How is a model of the carbon cycle different form the actual cycling of carbon in an ecosystem?
Answers
Answer:
The biological carbon cycle is not only faster than the geological carbon cycle. The amount of carbon taken up by photosynthesis and released back to the atmosphere by respiration each year is 1,000 times greater than the amount of carbon that moves through the geological cycle on an annual basis.
The biological carbon cycle plays a role in the long-term, geological cycling of carbon. The presence of land vegetation enhances the weathering of soil, leading to the uptake of carbon dioxide from the atmosphere. In the oceans, some of the carbon taken up by phytoplankton is used to make shells of calcium carbonate that settle to the bottom after the organisms die to form sediments. Marine animals, such as corals, also use dissolved carbon dioxide in biomineralization.
During the daytime in the growing season, leaves absorb sunlight and take up carbon dioxide from the atmosphere. Plants, animals and soil microbes consume the carbon in organic matter and return carbon dioxide to the atmosphere.
When conditions are too cold or too dry, photosynthesis and respiration cease along with the movement of carbon between the atmosphere and the land surface.
The amounts of carbon that move from the atmosphere through photosynthesis, respiration, and back to the atmosphere are large and produce oscillations in atmospheric carbon dioxide concentrations.

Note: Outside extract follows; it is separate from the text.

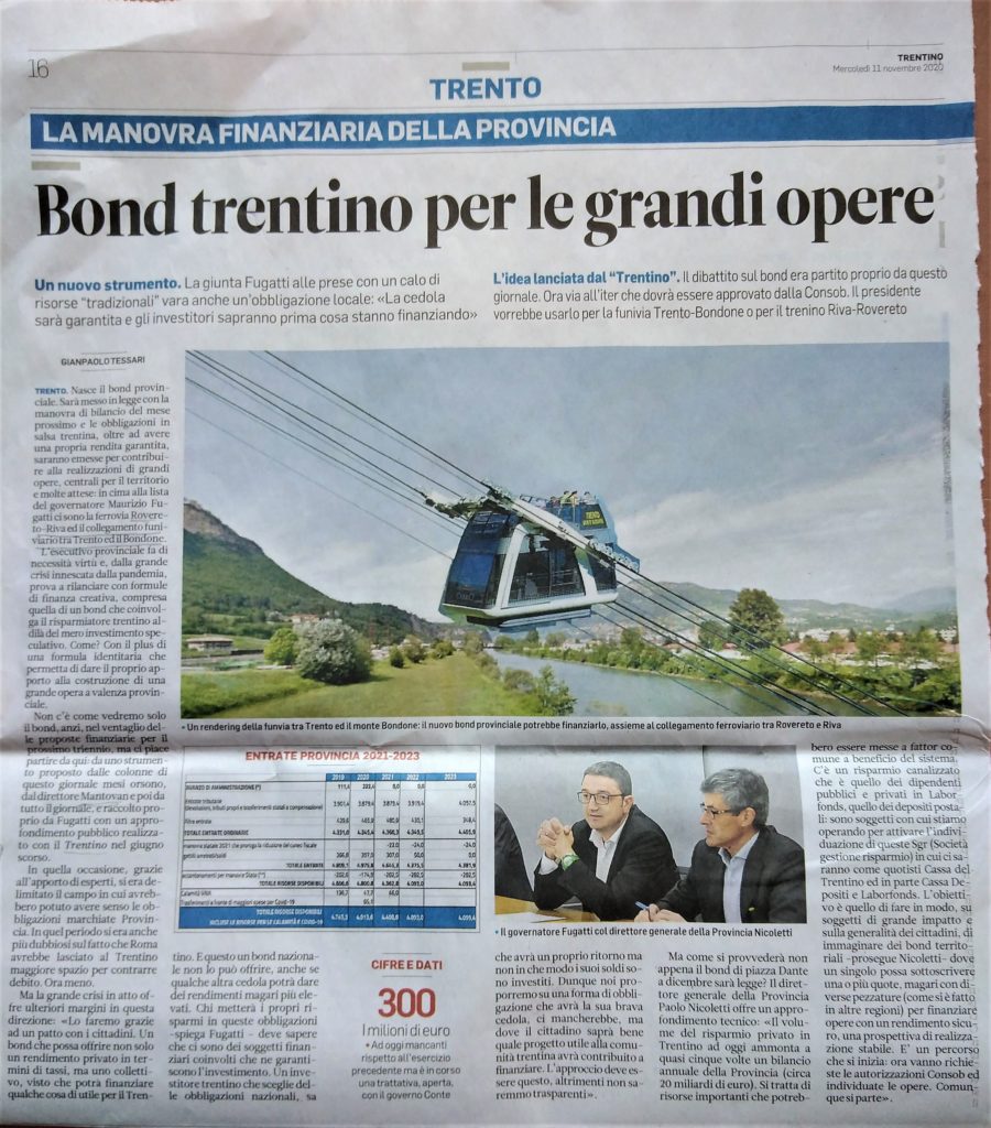 Dal quotidiano “Trentino” odierno a pag. 16 apprendo che la Provincia Autonoma di Trento sta progettando di emettere BOP-Buoni Ordinari Provinciali per cofinanziare il progetto Funivia Trento-Monte Bondone e la ferrovia Rovereto-Riva del Garda.

Significant amounts of carbon are stored in the biomass of forests and in the soil. Terrestrial sources release the stored carbon when forests are cleared for agriculture. Organisms in the ocean consume and release large quantities of carbon dioxide but ocean biological carbon cycles are faster than terrestrial cycles. There is virtually no storage of carbon as as biomass. Photosynthetic plankton are consumed by zooplankton within days to weeks.
Carbon dioxide exchange in the oceans is controlled by sea surface temperatures, circulating currents, and by the biological processes of photosynthesis and respiration. Carbon dioxide solvation is temperature dependent. Cold ocean temperatures favor the uptake of carbon dioxide from the atmosphere while warm temperatures can cause the ocean surface to release carbon dioxide. Cold, downward moving currents such as those that occur over the North Atlantic absorb carbon dioxide and transfer it to the deep ocean. Upward moving currents such as those in the tropics bring carbon dioxide up from depth and release it to the atmosphere.
Model carbon cycle:
A model of the carbon cycle is used to represent the global carbon cycle.
It has three reservoirs
- Atmosphere
- Biosphere
- ocean
It includes an exchange of carbon dioxide between reservoirs apart from the interior transfer within the ocean and biosphere.
Actual carbon cycle:
Nature reuses the carbon atoms, that travel from the atmosphere to the organisms on the earth and goes back to the atmosphere again. This process repeats over and over thus carbon atom remains constant.
In simple, the carbon cycle explains the process of carbon atoms exchange between the atmosphere and earth. Hence carbon atom remains sustained.